UAE needs to isolate from negative global sentiment

The UAE stock markets must conclusively break their correlation with global exchanges to sustain upward momentum in the longer term, according to Mohammed Ali Yasin, Shuaa Securities chief executive.

"The United States is heading for recession, while Europe can expect a slowdown at the very best, and so the rallies in their stock markets are unlikely to be sustained," he said. "But the UAE economy is still growing and can support a prolonged stock rebound, but only if we can isolate our markets from the negative global sentiment."

If this is achieved, the UAE could become a safe haven for overseas funds, especially now that the government has guaranteed all bank deposits.

"The Emirates could be the best place for foreigners to put their cash and the dirham's dollar peg means there is little currency risk," said Yasin.

"It will depend on how critical the situation is in foreigners' home markets, but if stock markets can continue to show growth while elsewhere slows down, then I expect significant foreign cash to return. Whether this will be just as liquidity or for investment as well is difficult to say."

However, the UAE authorities must also learn the bitter lessons from the influx, and subsequent sudden flight of foreign capital over the past 12 months.

This saw overseas funds pump money into stocks and bank deposits in the expectation of a revaluation of the dirham, before abruptly withdrawing this money after increasing turmoil in Western markets left them desperate for cash and the hopes of currency reform receded. "Last time, the money came in before necessary regulations were in place and it's much harder to implement rules after the fact," said Yasin.

The UAE has long stated it is an open economy and so will not try to restrict he free movement of capital, but Yasin still believes the authorities can still do more.

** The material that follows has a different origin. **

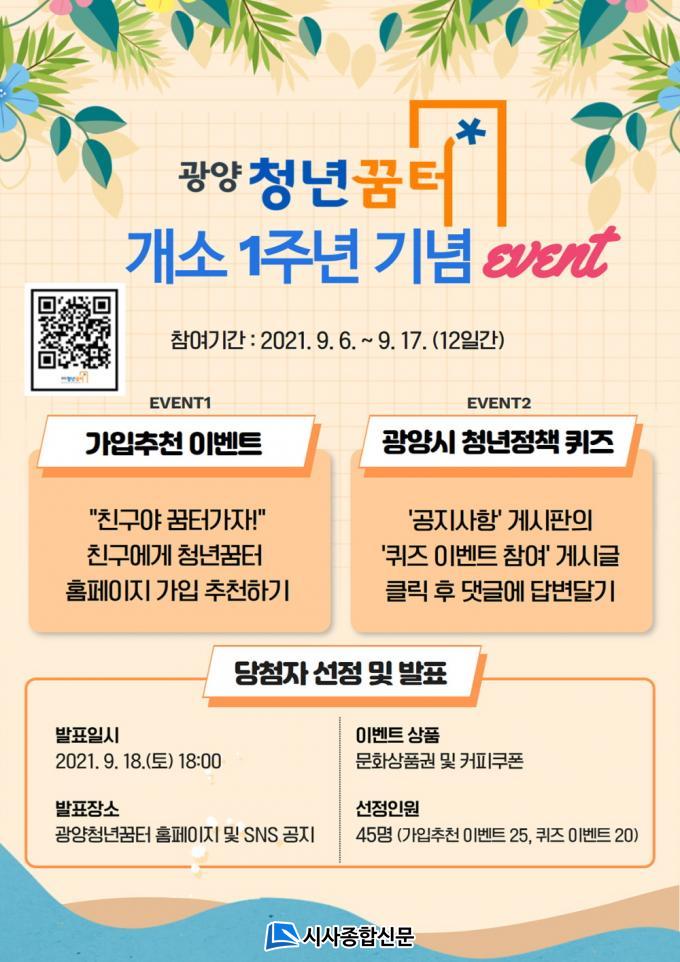 ±¤¾çû³â²ÞÅÍ È¨ÆäÀÌÁö¿Í SNS¸¦ ÅëÇØ ÁøÇàµÇ´Â À̹ø À̺¥Æ®´Â ¡®°¡ÀÔÃßõ À̺¥Æ®¡¯, ¡®Ã»³âÁ¤Ã¥ ÄûÁî À̺¥Æ®¡¯ µî ´õ ¸¹Àº û³âÀÌ ÇÔ²²Çϰí Âü¿©ÇÒ ¼ö ÀÖµµ·Ï ±¸¼ºµÆÀ¸¸ç, 9¿ù 17ÀϱîÁö ÁøÇàµÈ´Ù.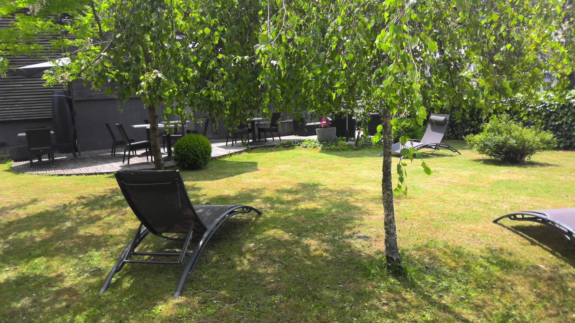 Voilà l’invitation qui vous est faite dès les beaux jours. Le jardin de l’hôtel, c’est aussi un bel endroit pour se détendre dans un transat, découvrir le carré d’herbes aromatiques ou chiper quelques mures, framboises ou groseilles !

"Last month, the Central Bank announced that 90 per cent of hit money had left the market, but it's not just a question of revealing statistics," said Yasin.

"What will the authorities do in response to the withdrawal of this money? They need to be ready with funds to make up for the shortfall in liquidity."

Interbank lending has dwindled since July. Short-term deposits from overseas institutions were used for long-term loans, but once these deposits were withdrawn, the banks struggled for liquidity.

This cash famine has been a key contributor to the stock market crash of the past three months.

"It looks as though we are emerging from the most serious international financial

crisis for decades and we need to ensure we're better prepared locally for when something similar happens again," added Yasin.


DP WORLD SURGES

DP World surged 7.14 per cent yesterday on reasonable volumes.

It has increased by a third over the past two sessions and yesterday added 7.14 per cent to $0.60 after 19 million shares changed hands. Technical analysis suggests it will continue to climb until its neckline resistance area of $0.73. Depa also advanced, adding 3.33 per cent to end on $0.62.

No other stocks were active on the Dubai International Finance Exchange.